The report noted that by the latest estimates, the total wealth of Indian billionaires is 15 per cent of the GDP of the country, this has risen from 10 per cent only five years ago.
In 2017, India had as many as 101 billionaires. The report titled “The Widening Gaps: India Inequality Report 2018’, noted that the country ranks among the most unequal countries in the world on all parameters of income, consumption and wealth and the reason behind this is the “lopsided” policy choices made by successive governments.
“Specific policy choices which favoured capital rather than labour, and favoured skilled rather than unskilled labour, are part of the structure of the growth trajectory in India,” the report said.
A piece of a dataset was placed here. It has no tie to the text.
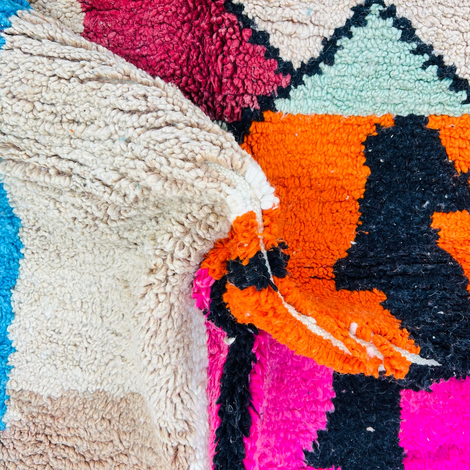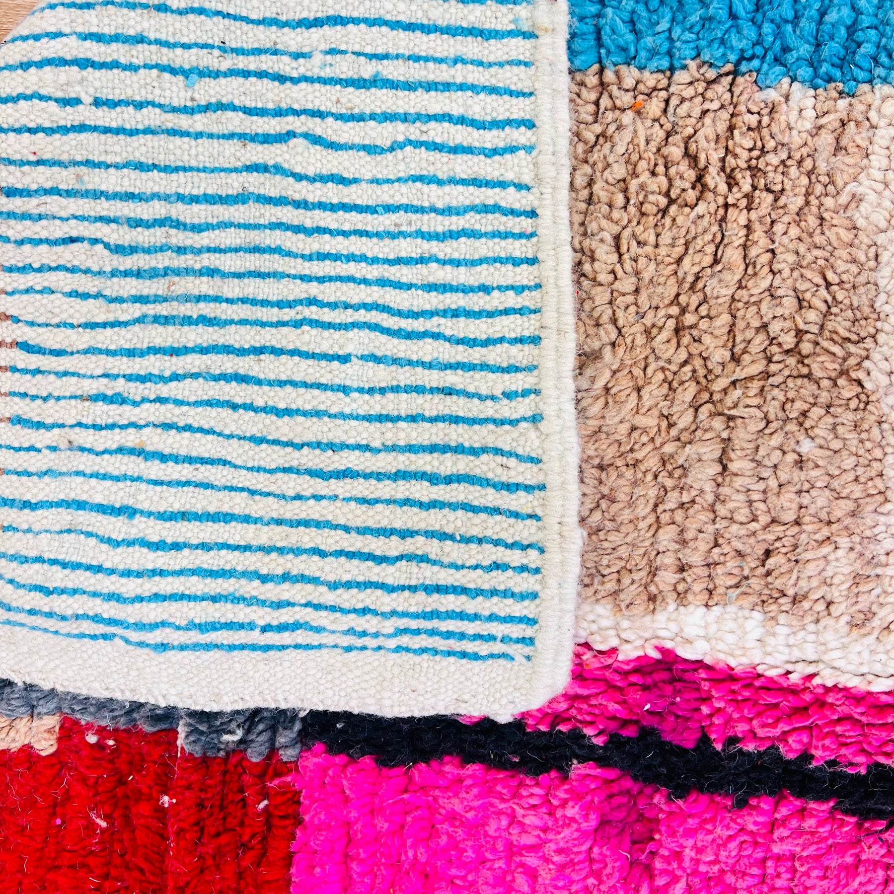 Bring bold artistry and vibrant charm into your space with this one-of-a-kind vintage Moroccan rug. Handwoven using traditional Berber techniques, this piece features a captivating fusion of deep red, pink, orange, beige, and blue blocks, harmonized by a tribal grid pattern near the base. The bold black spine running vertically evokes natural symbolism and tribal storytelling unique to Moroccan culture.
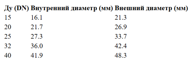 В системах водоснабжения, предназначенных для питьевой воды, обычно применяют трубы следующих размеров:

The report analysed various sources of data and describes how the path of inequality has changed in India-from being stagnant in 1980s, to its increase since 1991, and to its subsequent and continued surge in recent years until 2017.
What is particularly worrying in India case is that economic inequality is being added to a society that is already fractured along the lines of caste, religion, region and gender. Apart from being a moral concern, reducing inequality is central to the functioning of India’s democracy, said Professor Himanshu, author of the report.
Agrawal further noted that the only way to reverse this trend is to increase tax collection through progressive direct taxation such as introducing wealth and inheritance taxes”and spending them on health, education and nutrition for the poor, focusing specially on the early childhood development of the poor.
“Only then can one hope to create a more equal opportunity country and spread the benefits of high growth more widely,” Agrawal added.
A report released by the international rights group Oxfam before the start of the World Economic Forum in Davos noted that the richest 1 per cent in India cornered 73 per cent of the wealth generated in the country last year.
The survey also showed that the wealth of India’s richest 1 per cent increased by over Rs 20.9 trillion during 2017. On the other hand 67 crore Indians comprising the population’s poorest half saw their wealth rise by just 1 per cent.